### Exercise prompt
Leaving out pictures, output exactly the lines below from the one that has "1-11/16インチの狭めの" through the one that has "Deze vestibules zijn", and nothing else.

START Materials provided

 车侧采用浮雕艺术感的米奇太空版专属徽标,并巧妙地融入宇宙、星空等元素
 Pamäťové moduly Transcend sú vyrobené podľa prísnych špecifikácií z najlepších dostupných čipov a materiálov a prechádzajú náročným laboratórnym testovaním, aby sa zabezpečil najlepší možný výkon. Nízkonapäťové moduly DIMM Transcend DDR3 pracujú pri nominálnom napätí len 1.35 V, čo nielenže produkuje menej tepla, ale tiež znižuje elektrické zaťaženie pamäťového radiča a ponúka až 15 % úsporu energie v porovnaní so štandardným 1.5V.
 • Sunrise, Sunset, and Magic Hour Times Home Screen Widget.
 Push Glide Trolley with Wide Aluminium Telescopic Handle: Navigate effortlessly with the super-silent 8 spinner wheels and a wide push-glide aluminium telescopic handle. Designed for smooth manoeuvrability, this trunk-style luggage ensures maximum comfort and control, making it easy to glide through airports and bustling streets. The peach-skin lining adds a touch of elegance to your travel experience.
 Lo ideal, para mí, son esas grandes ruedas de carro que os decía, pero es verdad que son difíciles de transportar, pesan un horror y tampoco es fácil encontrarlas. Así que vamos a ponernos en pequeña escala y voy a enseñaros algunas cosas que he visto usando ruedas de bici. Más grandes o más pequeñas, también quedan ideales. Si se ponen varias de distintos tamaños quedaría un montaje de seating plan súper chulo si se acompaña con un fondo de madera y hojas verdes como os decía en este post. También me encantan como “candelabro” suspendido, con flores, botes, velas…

END Materials provided
START Materials provided

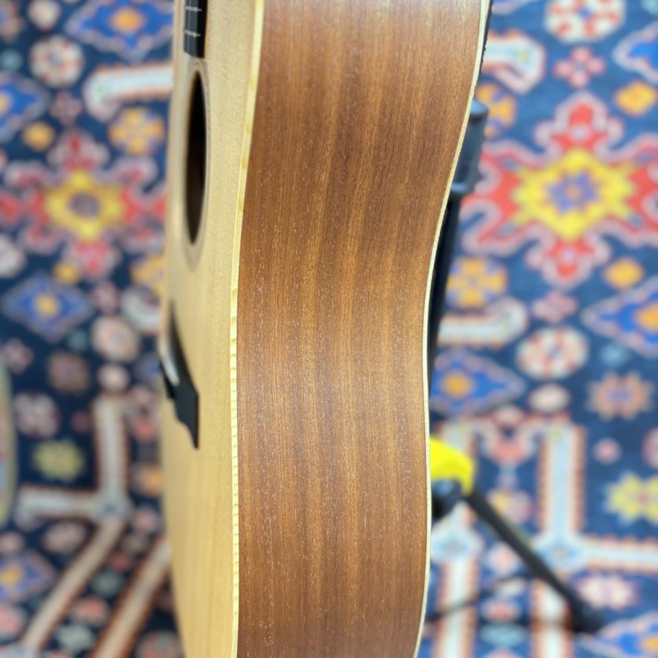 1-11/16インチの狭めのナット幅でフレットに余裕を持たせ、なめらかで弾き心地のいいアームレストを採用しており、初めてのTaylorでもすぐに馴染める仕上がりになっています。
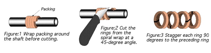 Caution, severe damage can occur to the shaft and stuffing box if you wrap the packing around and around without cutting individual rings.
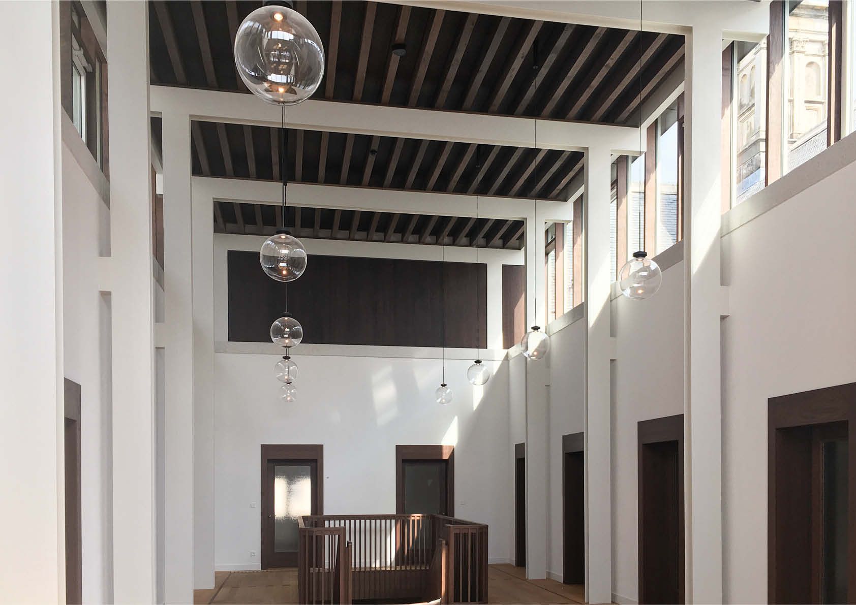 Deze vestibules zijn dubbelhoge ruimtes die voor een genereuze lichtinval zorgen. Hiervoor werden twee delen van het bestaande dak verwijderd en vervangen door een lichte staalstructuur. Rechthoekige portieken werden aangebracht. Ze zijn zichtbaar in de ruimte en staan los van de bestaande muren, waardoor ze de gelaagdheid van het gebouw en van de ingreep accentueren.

END Materials provided
START Materials provided

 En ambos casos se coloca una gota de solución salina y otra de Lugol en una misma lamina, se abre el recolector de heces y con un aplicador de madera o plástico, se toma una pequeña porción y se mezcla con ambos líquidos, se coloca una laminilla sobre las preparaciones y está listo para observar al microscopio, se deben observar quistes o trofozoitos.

END Materials provided

### Your response
 1-11/16インチの狭めのナット幅でフレットに余裕を持たせ、なめらかで弾き心地のいいアームレストを採用しており、初めてのTaylorでもすぐに馴染める仕上がりになっています。
 Caution, severe damage can occur to the shaft and stuffing box if you wrap the packing around and around without cutting individual rings.
 Deze vestibules zijn dubbelhoge ruimtes die voor een genereuze lichtinval zorgen. Hiervoor werden twee delen van het bestaande dak verwijderd en vervangen door een lichte staalstructuur. Rechthoekige portieken werden aangebracht. Ze zijn zichtbaar in de ruimte en staan los van de bestaande muren, waardoor ze de gelaagdheid van het gebouw en van de ingreep accentueren.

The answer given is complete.